Em um discurso proferido no Ateneo de Madrid em 1958, um dos mais ilustres dominicanos expõe os perigos do que se chamara então de Nova Teologia (Nouvelle Teologie). Um de seus mestres, o ilustre Réginald-Garrigou Lagrange popularizou o termo e auxiliou para a discussão de seus perigos, especialmente com sua colossal obra “Deus: sua existência e sua natureza” onde refuta o agnosticismo moderno com contundência. Nosso expositor (1891 – 1967) foi considerado como um dos mais insignes representantes da ordem de São Domingos no século XX, um mestre cujo espírito se conformava integralmente com o modelo de Santo Tomás de Aquino. Com profunda lucidez, retratara uma profunda crise teológica entranhada de forma subterrânea, mas que gradualmente criara corpo, apesar de todas as tentativas do Magistério de frear sua expansão. A importância desta chamada Nova Teologia reside no fato de sustentar de forma assistemática todo o ensino teológico posterior, tomando de assalto os seminários e quase toda a formação nas instituições católicas. Como uma torrente de novas ideias, nascentes na justificativa débil de que ‘os tempos são outros’ sua semente se encontra no condenado Modernismo, por S. Pio X.

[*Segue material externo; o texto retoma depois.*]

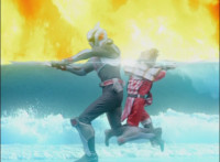 Recycled, cuts short, per source; US replaces surrounding Shadow vs Icthior sequence so Makoto doesn't feel left out. |
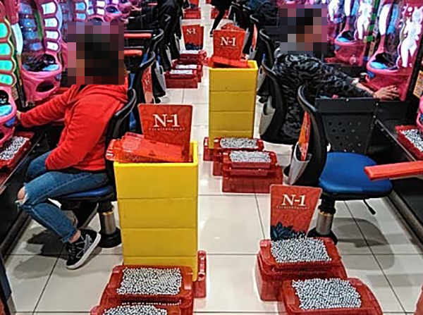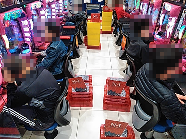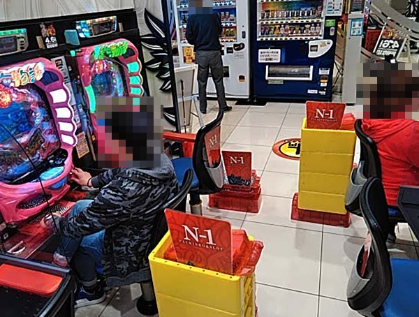 パチンココーナー全体にプレイヤーたちの笑顔が咲き誇っており、いたるところに明るいムードが広がっていた。
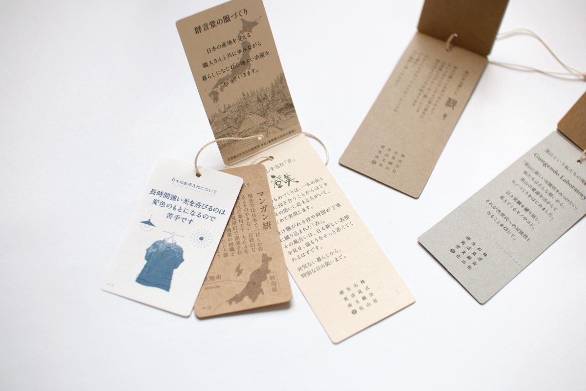 日本各地の職人さんと手を組み、確かな技術でつくられた商品を感じてほしい、という思いから、やさしい風合いの生地を守るお手入れ方法や、産地の情報がわかるタグになりました。
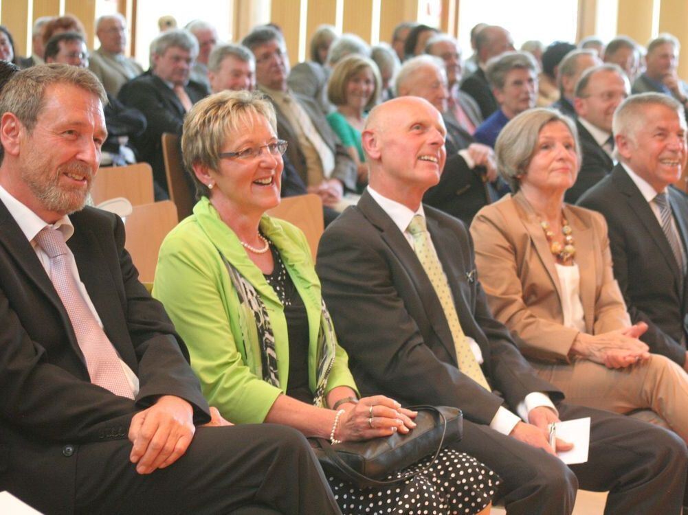Mit gelöster Stimmung in den Ruhestand: Karl Werner Speidel, Doris und Gottlob Heller, Erika und Hans Müller.
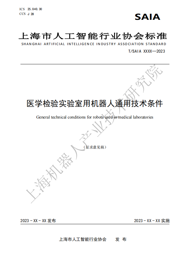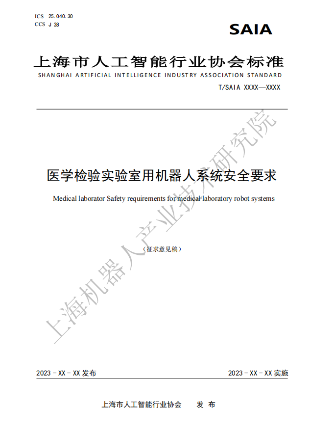 由上海市人工智能行业协会归口,leyu.乐鱼(中国)机器人有限公司官网有限公司作为主要起草单位研制的四份标准:《医学检验实验室用机器人通用技术条件》、《医学检验实验室用机器人系统安全要求》、《医学检验实验室用机器人交互要求》、《医学检验实验室用机器人使用环境要求》现公开征求意见。
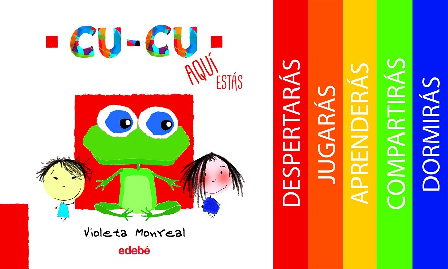 La colección AQUÍ ESTÁS da la bienvenida a los más pequeños. El formato de los libros se compone de páginas crecientes con colores brillantes. El libro crece, a la vez que los niños y las niñas. Cada página será un estímulo para que el amor por los libros surga a partir de la lectura compartida, para que los vínculos familiares y sociales se desarrollen y para formar personas seguras y creativas. ¡Encuentra en cada página a la rana, el grillo, el pollito o el gato que repite su cantar!

Frei Santiago Ramírez identifica como ponto de partida do pensamento modernista uma visão agnóstica, onde : “A única vida de acesso à verdade é a vida e o sentido da mesma em seu fluir continuo, porém sem sair essencialmente desta, por ser essencialmente imanente”. Assim, o modernismo se configura como objetor de qualquer forma de transcendência. Como fruto de filosofias nascidas e difundidas no mundo moderno, não poderia negar sua origens. Por acaso Nietzsche, Marx, Hegel, Kant ou Bergson poderiam se harmonizar com teologia? A resposta todo católico conhece, como diz o adágio popular: A fruta não pode cair longe do pé. Mas e seus argumentos? Qual é a desculpa para escolher um caminho incerto? pode ser reduzida a uma observação inegável: o mundo se afasta de Cristo, se descristianizou ou se paganizou, como fruto das violentas mudanças do mundo moderno, de fato o diagnóstico não está errado. “ A Igreja, pelo contrário, com sua fé, com seus dogmas e com sua teologia, permanece imóvel e encerrada em si mesma, separada do mundo e afastada da vida terrestre dos homens. O mundo se escapa da Igreja, porque a Igreja se afasta do mundo e não se adapta a ele” Eis o discurso modernista proferido infelizmente, de uma forma comuníssima entre o clero e os leigos de nossa época, magistralmente resumido, e que inclui na terapia do enfermo, doses homeopáticas de veneno. Não no apartemos do mundo, mas infectemos com ele, as coisas santas!

O ponto mais crítico da mentalidade modernista é o espírito do ecumenismo (poder-se ia chamar de irenismo, como não hesita Santiago Ramírez) que sobrepõe toda a vida da Igreja. A caridade se tornou uma caricatura, com a filantropia. “Esta mesma caridade chega a tal indulgência com os inimigos do cristianismo e a tal severidade com a Igreja e seus fiéis servidores”, onde práticas devocionais ou um desejo de maior piedade não são vistas como “ecumenicamente corretas”. Pobres fiéis! Não concordam eles com a unidade forçada com protestantes, comunistas, muçulmanos, muito menos com a visão sacramental como algo simbólico, ou uma mera trivialidades, nem com a primazia do laicato sob o sacerdócio. Como conclui nosso autor, “um catolicismo sem dogmas nem moral não é a Igreja fundada por Jesus Cristo”. Quem se diz católico, não pode acolher o modernismo sob o disfarce de Nova Teologia.